Is there an artificial intelligence reproducibility crisis: What does it mean for business?

The widespread use of artificial intelligence (AI) is one of the most important scientific and technological developments of our time. In the business world, AI adoption is growing at a rapid pace, as a growing number of organisations deploy AI to add value, automate processes and solve specific problems. Unsurprisingly, the use of AI in standard business processes has increased by nearly 25% year-over-year. By 2030, AI is projected to add up to $13 trillion of value to the global economy. 

AI applications that incorporate machine learning (ML) and deep learning (DL) processes can transform business through improving decision-making quality and speed, and helping organisations extract valuable insights from raw data.
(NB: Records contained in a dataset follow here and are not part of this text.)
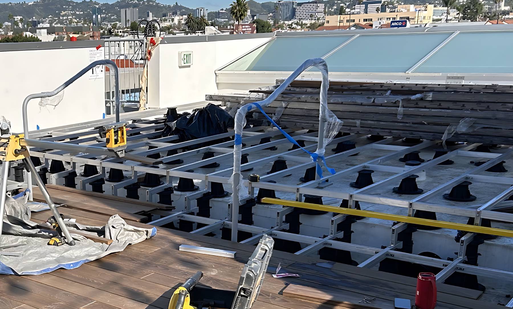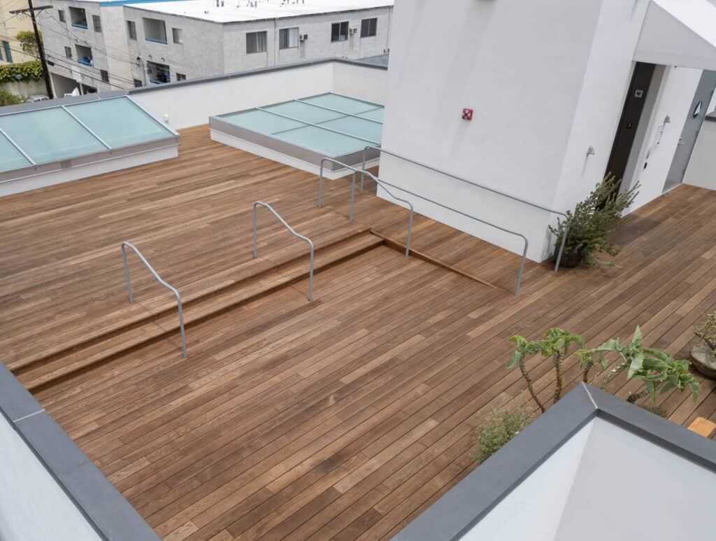 These joists provide a straight, strong, and noncombustible Class “A” deck framing solution, compatible with nearly any decking material, perfect for commercial and residential rooftop decks. You may remember our Thermo Ash Rooftop Deck project in Los Angeles, where Buzon pedestals supported beautiful thermo ash decking. The Universal Aluminum Joist is designed to work seamlessly with pedestal systems like Buzon’s, offering superior stability, heavy-load capacity, and long-lasting performance, whether you’re using wood, composite, or stone- and porcelain pavers.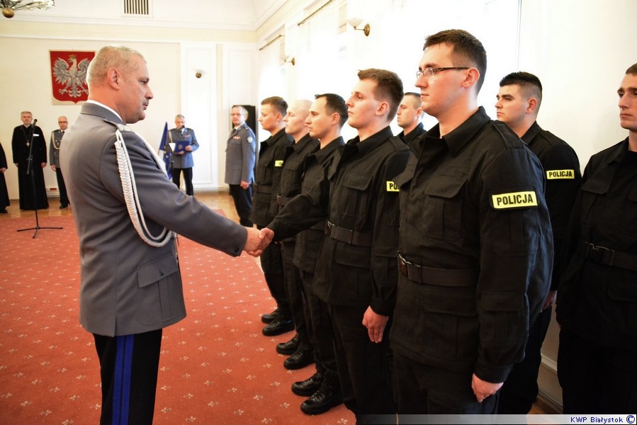 Wczoraj w Komendzie Wojewódzkiej Policji w Białymstoku odbyło się uroczyste ślubowanie nowych funkcjonariuszy przyjętych do służby w podlaskim garnizonie Policji. Słowa roty ślubowania wypowiedziało 10 policjantów, którzy sprostali wymogom stawianym kandydatom do służby i przeszli wszystkie etapy postępowania kwalifikacyjnego. Przed Podlaskim Komendantem Wojewódzkim Policji nadinspektorem Sławomirem Mierzwą funkcjonariusze ślubowali m.in. „Strzec bezpieczeństwa państwa i jego obywateli nawet z narażeniem życia…”.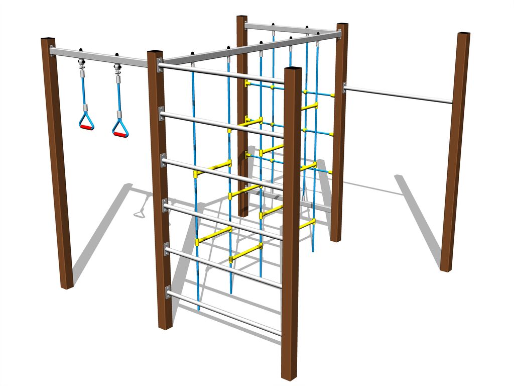 Mászórúd, mászóháló, létrefokok, mászófal, kötél hintagyűrűk, trapéz.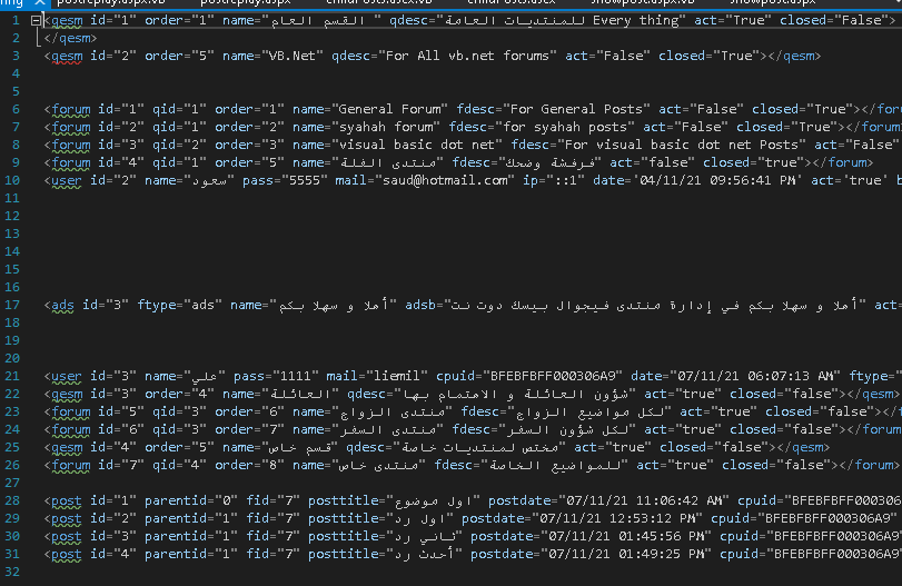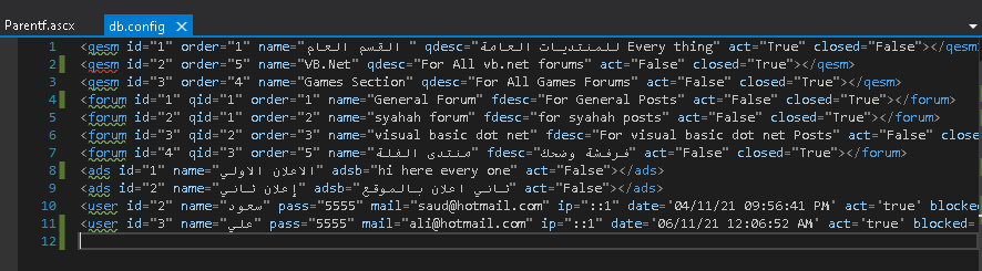 الان صورة ملف db.config ويحتوي كل البيانات الى الان(اقصد اني لم احدث هذه الجزئية)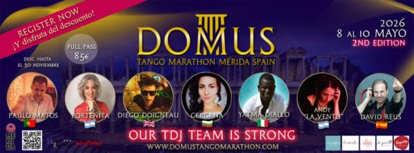Start: 2026-05-08// End: 2026-05-10// Location: Mérida// ES// Registration Start: 2025-09-01. DOMUS TANGO MARATHON 2ND EDICIÓN “El mayor evento de tango en suelo romano.” Si la primera edición fue increíble… ¡prepárense para una segunda inolvidable! ¡DJ’s INTERNACIONALES de primer nivel! DIEGO DOIGNEAU (Londres) GERGANA MAMALOCAStart: 2026-05-08// End: 2026-05-10// Location: Mérida// ES// Registration Start: 2025-09-01.
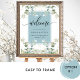 Welcome your guests with this exquisite wedding (or any other event) welcome sign with exquisite watercolor greenery Eucalyptus decorative borders and an elegant mist blue frame with a welcoming message with elegant modern hand-written calligraphy details. Watercolor greenery in a beautiful blend of green, blue, beige, yellow tan, and orange hues. 8" x 10" is only our default size, the sign is available in a variety of size options. IMPORTANT NOTE: This sign is in premium poster paper style, easy to frame or glue/staple to inexpensive MDF or foam board for display. If you prefer this sign prepared for display already on a foam board, please follow these easy steps: on this sign product page, scroll up, until you see a section with images called "Transfer design to a product". Use the arrow on the images to look at all the options, until you reach the "Foam Boards" option. Click on it to transfer the design into a foam board for you. Initially, sometimes it transfers the design into a very big foam board size, nevertheless, you can change the sign into the size you need on the product page and even see how it looks already in a stand. Adding this design to your shopping cart will tell you the back side is blank. Don't worry about it, as this only means that the back of the sign will be white. If you need help, please send me a message and I'll get back to you as soon as possible".Design part of our "Elegant Greenery Eucalyptus Wedding and Events" collection with a variety of coordinating products available. The same design with the inner frame in green and beige tan is also available.

However, a growing number of experts are voicing their concern that AI will not reach its full potential until researchers can independently verify the data behind the decisions. In AI research, ‘transparency’ and ‘traceability’ have become buzzwords, and the underlying issue is reproducibility. 


What is reproducibility?

Reproducibility is the ability to repeat an experiment and reach the same results, and it’s a vital component of scientific study. The point of reproducibility isn’t to replicate the results exactly. Given the randomness inherent in neural networks and the variations in code and hardware, an exact replication would prove impossible in the vast majority of cases. Instead, the point of reproducibility is to provide documentation that offers others a basic idea of how they might reach similar conclusions within the context of their own work. Documentation also helps researchers gain a better understanding of their own projects.

Practical AI Guide

However, in AI, researchers have famously struggled to replicate each other’s results, even given vast financial, human and technical resources. One of the most notable examples of this was Facebook’s attempt to replicate Deepmind’s AlphaGo, a program unleashed to play Go, an ancient game similar to chess. Facebook’s team struggled with the lack of available code, as well as the daily computational requirements needed to conduct millions of experiments across thousands of devices. With time, Facebook’s team eventually succeeded in their efforts. All the same, their struggles highlight an important issue: if a large team with virtually unlimited financial resources found this task nearly impossible, what chance does a small team have?


Is it actually a crisis?

Most people refer to the lack of transparency within AI as a ‘reproducibility crisis’. While ‘crisis’ comes with heavy connotations, ML experts believe the term is warranted. In fact, a survey of ML experts by AI researcher Joelle Pineau indicates that 35% of experts believe there is a ‘significant’ crisis and 45% believe there is at least a ‘slight’ crisis. Only 10% felt there was no crisis at all. Although these experts would likely argue that the word ‘crisis’ fits, it might be more helpful for the advancement of the field to frame the issue as an opportunity for improvement.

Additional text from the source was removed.